Although an undercover police officer testified that she had observed the minor purchase a drink from the bartender, the Administrative Law Judge discredited her testimony and instead believed the minor’s testimony that she never purchased an alcoholic beverage. The Judge found the respondent guilty of the charge, however, on the grounds that (1) the petitioner’s employees did an inadequate job of verifying the ages of patrons since the minor was able to enter the bar, (2) the minor appeared to be underage and, (3) the minor’s conduct, once inside the bar area, was open and observable. Subsequently, the respondent adopted the findings of the Administrative Law Judge and sustained the charge, imposing a 15-day suspension of the petitioner’s license and a $1,000 bond forfeiture as a penalty. The petitioner contends that the respondent’s determination is unsupported by substantial evidence. We agree.
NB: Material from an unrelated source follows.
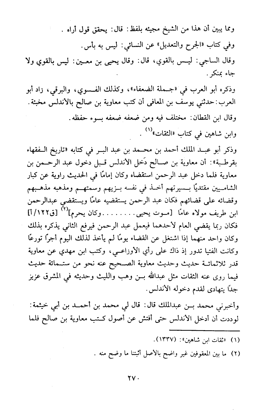 وذكره أبو العرب في «جملة الضعفاء»، وكذلك الفسوي والبرقي، زاد أبو العرب: حدثني يوسف بن المعافى أن كتب معاوية بن صالح بالأندلس مخبئة.

"In order to find that the licensee 'caused or permitted’ the service or delivery of alcoholic beverages to a minor, the conduct must be 'open, observable and of such nature that its continuance could, by the exercise of reasonable diligence, have been prevented’ (Matter of 4373 Tavern Corp. v New York State Liq. Auth., 50 AD2d 855, 856; Matter of Cat & Fiddle v State Liq. Auth., 24 AD2d 753)” (Matter of Park II Villa Corp. v New York State Liq. Auth., 141 AD2d 646, 647).
The record reveals that the minor surreptitiously entered the petitioner’s establishment, was given a drink out of the view of any of the petitioner’s employees and merely stopped *603by the bar for a few moments. Based on the record before us, we cannot agree that such conduct was " ' "open, observable and of such nature that its continuance could, by the exercise of reasonable diligence, have been prevented” ’ ”. The respondent’s determination was unsupported by substantial evidence in the record and therefore must be annulled (Matter of Panacea Tavern v New York State Liq. Auth., 144 AD2d 562, 563, quoting Matter of Park II Villa Corp. v New York State Liq. Auth., supra, at 647; cf., Matter of Austin Lemontree Inc. v New York State Liq. Auth, 147 AD2d 476, affd 74 NY2d 869).
We do not reach the petitioner’s remaining contentions in light of our determination. Brown, J. P., Eiber, Harwood and Rosenblatt, JJ., concur.